Mas nada será como antes. A primeira diferença é que a própria idéia de geração parece ter multado. Quem sabe se nestes tempos pós-modernos- do culto do fragmentário e do transitório- cada grupo, cada galera, cada tribo não seja o que antes se chamava uma geração…e a garotada que pintou a cara para sair às ruas não seja a geração 90, mas apenas uma das suas tribos, a mais visível, a mais fotogênica, a mais ruidosa. .
Porque correndo por fora existe uma camada geográfica e socialmente periférica, desvalorizada pela mídia, preocupação apenas de antropólogos e sociólogos e sempre vista com suspeição pela polícia. A pesquisa da Data Brasil a chama de Geração dos Descamisados. São conhecidos como funkeiros por causa da preferência musical, mas possuem características que reforçam um perfil de geração: inconformismo, identidade grupal, capacidade de mobilização e até uma visão particular de mundo. Ridicularizam os “mauricinhos”, os capa-pintadas que saíram às ruas para clamar pelo impeachment de Collor. Não se conhece dessas galeras nenhuma manifestação política convencional. Suas demonstrações ainda não foram decodificadas. A mais impressionante delas ocorreu num domingo de outubro de 1992: o arrastão nas praias da Zona Sul, que provocou um medo apocalíptico na população. Como disse um participante, de 16 anos: ´Nós só queria arrepiar os bacanas, mostrar que a praia não é só deles.´
Essa geração de excluídos não quer ser um corpo estranho, quer ser tratada com naturalidade. A sua utopia é a igualdade, ou seja, o direito à indiferença.
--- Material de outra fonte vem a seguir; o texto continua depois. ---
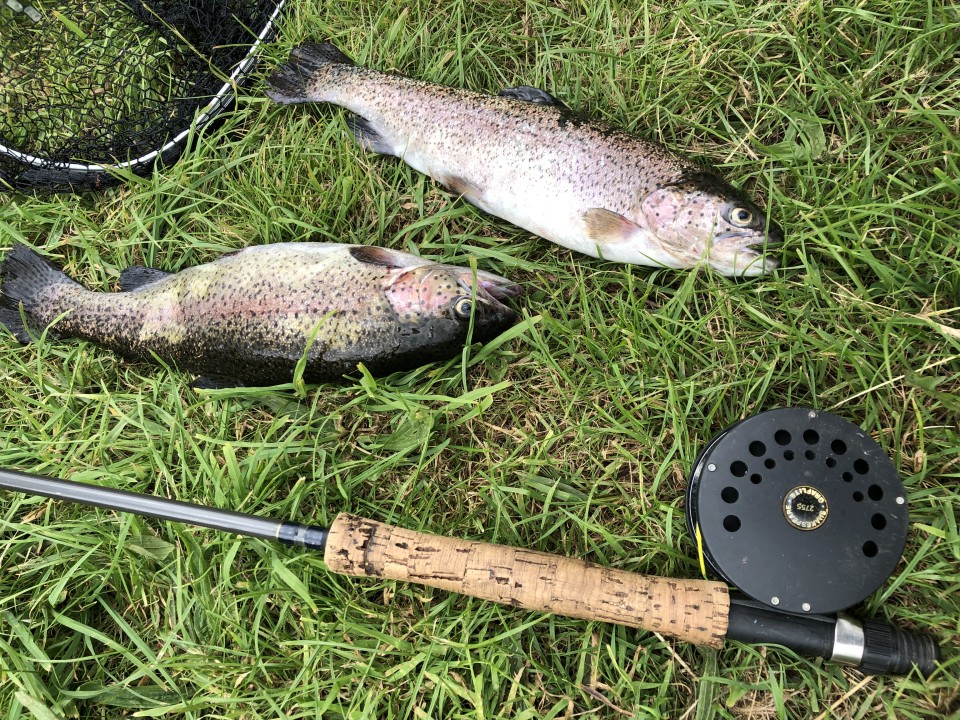2 trout caught on the fly using a nymph, one 18 inch one 20.5inch

Os jovens dos anos 60 tinham a crença iluminista de que a marcha da História era fatalmente no sentido das luzes. O fim do século, e das ilusões, mostra que nem é tudo é assim. Porque o mal, não só o bem, também move a História- e como! A juventude dourada poderá sempre contar aos netos a história extraordinária do dia em que derrubou um presidente. O problema é a ´outra´geração, que tem pouco a contar e menos a perder. A questão para o Brasil, em fase de sucessão geracional, é saber se vamos continuar temendo a periferia como filho bastardo. Ela não é dourada. Ela tem a força de ser real.
As duas metades da cidade precisam ser integradas, se quisermos continuar vivos.
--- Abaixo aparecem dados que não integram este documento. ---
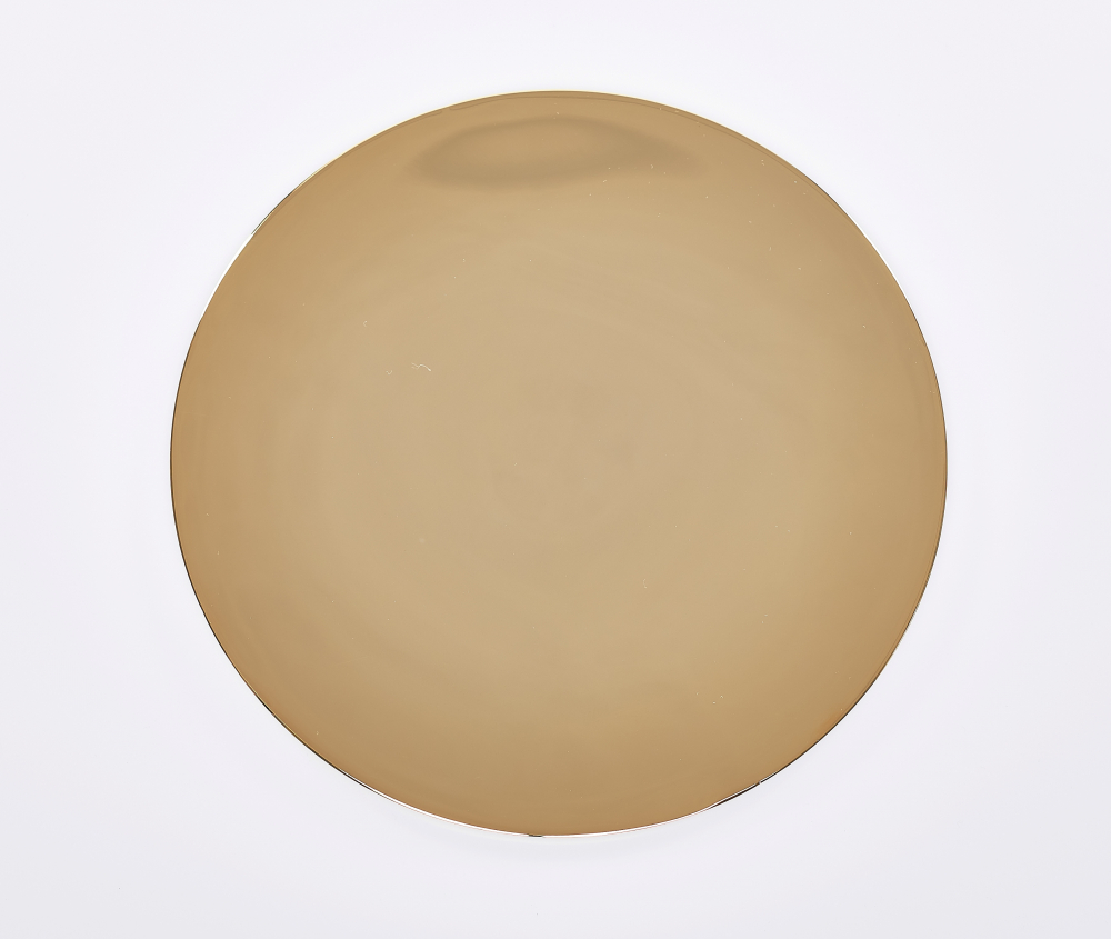 średnica: 25 cm, materiał: mosiądz złocony, grubość 1,2 mm

Palestra proferida na Biblioteca Nuto Sant´Anna, São Paulo, em 4 de maio de 1995
Zuenir Ventura, (Além Paraíba, 1 de junho de 1931), jornalista, escritor, colunista do jornal “O Globo”, tendo ganho o Prêmio Jabuti em 1995, na categoria reportagem, pelo livro “Cidade Partida”.É o oitavo postulante da cadeira 34 da Academia Brasileira de Letras, em sucessão ao romancista João Ubaldo Ribeiro, de quem era amigo próximo. Seu livro “1968: o Ano que Não Terminou” serviu de inspiração para a minissérie “Anos Rebeldes’, produzida pela Rede Globo. Obras selecionadas: “1968: o ano que não terminou” — Editora Nova Fronteira (1989,2006)/ Editora Planeta (2008), “Cidade Partida” — Companhia das Letras (1994), “Inveja: Mal Secreto” — Editora Objetiva (1998), “Chico Mendes: Crime e Castigo: Quinze anos depois”, o autor volta ao Acre para concluir a mais premiada reportagem sobre o herói dos povos da floresta — Companhia das Letras (2003), “1968: O que fizemos de nós” — Editora Planeta (2009), “Sagrada família” — Alfaguara (2012).